The detection of these gravitational waves represents the last untested element of Albert Einstein's general theory of relativity, filling in a major gap in our understanding of how the universe was born. The waves are ripples that move through space and time, and have been described as the "first tremors of the Big Bang." Their detection confirms an integral connection between quantum mechanics and general relativity.
"Detecting this signal is one of the most important goals in cosmology today. A lot of work by a lot of people has led up to this point," said John Kovac, leader of the BICEP2 collaboration at the Harvard-Smithsonian Center for Astrophysics. The telescope targeted a specific area of sky known as the "Southern Hole" outside the galaxy where there is little dust or extra galactic material to interfere with what humans could see with the potent sky-peering tool.

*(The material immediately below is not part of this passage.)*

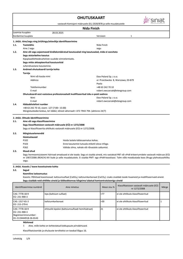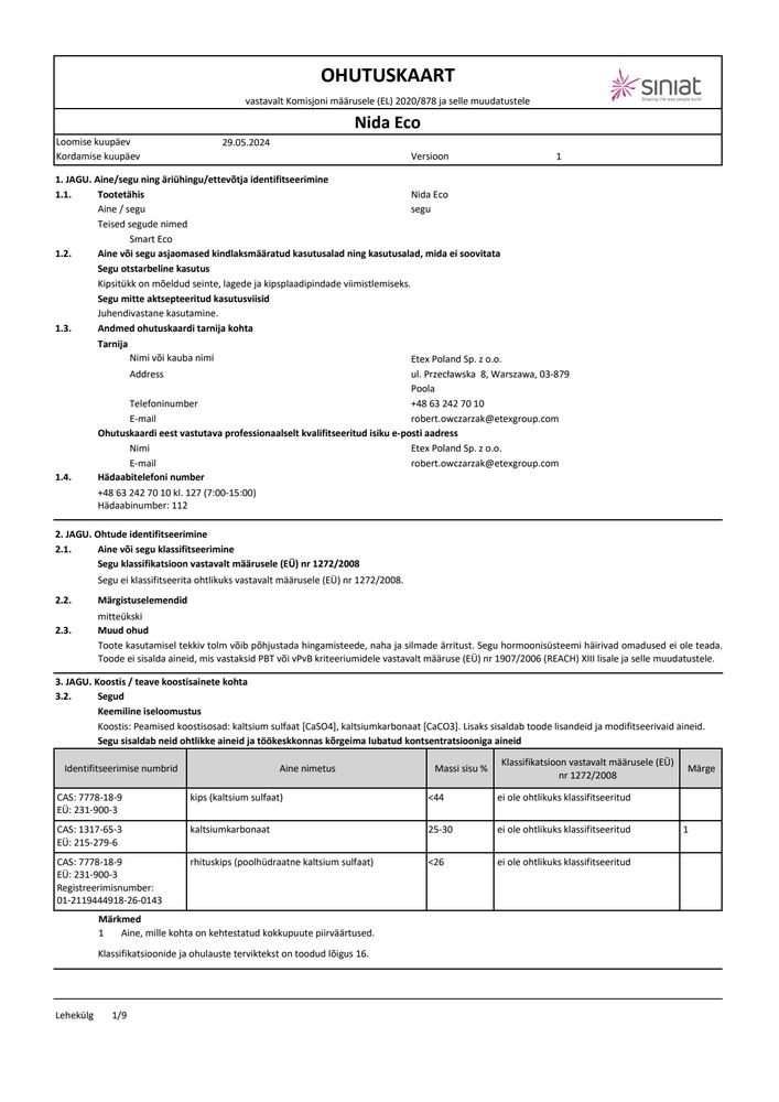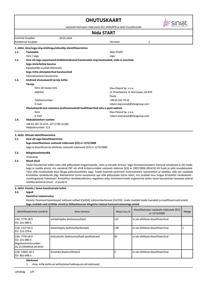 Siin leiad kõik vajalikud Siniat tehnilised dokumendid.

By observing the cosmic microwave background, or a faint glow left over from the Big Bang, small fluctuations gave scientists new clues about the conditions in the early universe. The gravitational waves rippled through the universe 380,000 years after the Big Bang, and these images were captured by the telescope. "The South Pole is the closest you can get to space and still be on the ground," said Kovac. "It's one of the driest and clearest locations on Earth, perfect for observing the faint microwaves from the Big Bang."

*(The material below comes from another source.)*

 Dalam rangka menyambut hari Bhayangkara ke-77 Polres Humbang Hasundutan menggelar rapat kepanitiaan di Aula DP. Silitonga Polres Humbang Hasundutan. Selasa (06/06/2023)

Rumors of the landmark discovery began to circulate Friday, as the hastily convened press conference was first announced. However, scientists said they spent three years analysing their data to rule out any errors. "This has been like looking for a needle in a haystack, but instead we found a crowbar," said co-leader Clem Pryke of the University of Minnesota.
Harvard theorist Avi Loeb said the findings provide "new insights into some of our most basic questions: Why do we exist? How did the universe begin? "These results are not only a smoking gun for inflation, they also tell us when inflation took place and how powerful the process was," Loeb said. According to theoretical physicist Alan Guth, who proposed the idea of inflation in 1980, described the latest study as "definitely worthy of a Nobel Prize." "This is a totally new, independent piece of cosmological evidence that the inflationary picture fits together," Guth, of the Massachusetts Institute of Technology, was quoted as telling the journal Nature.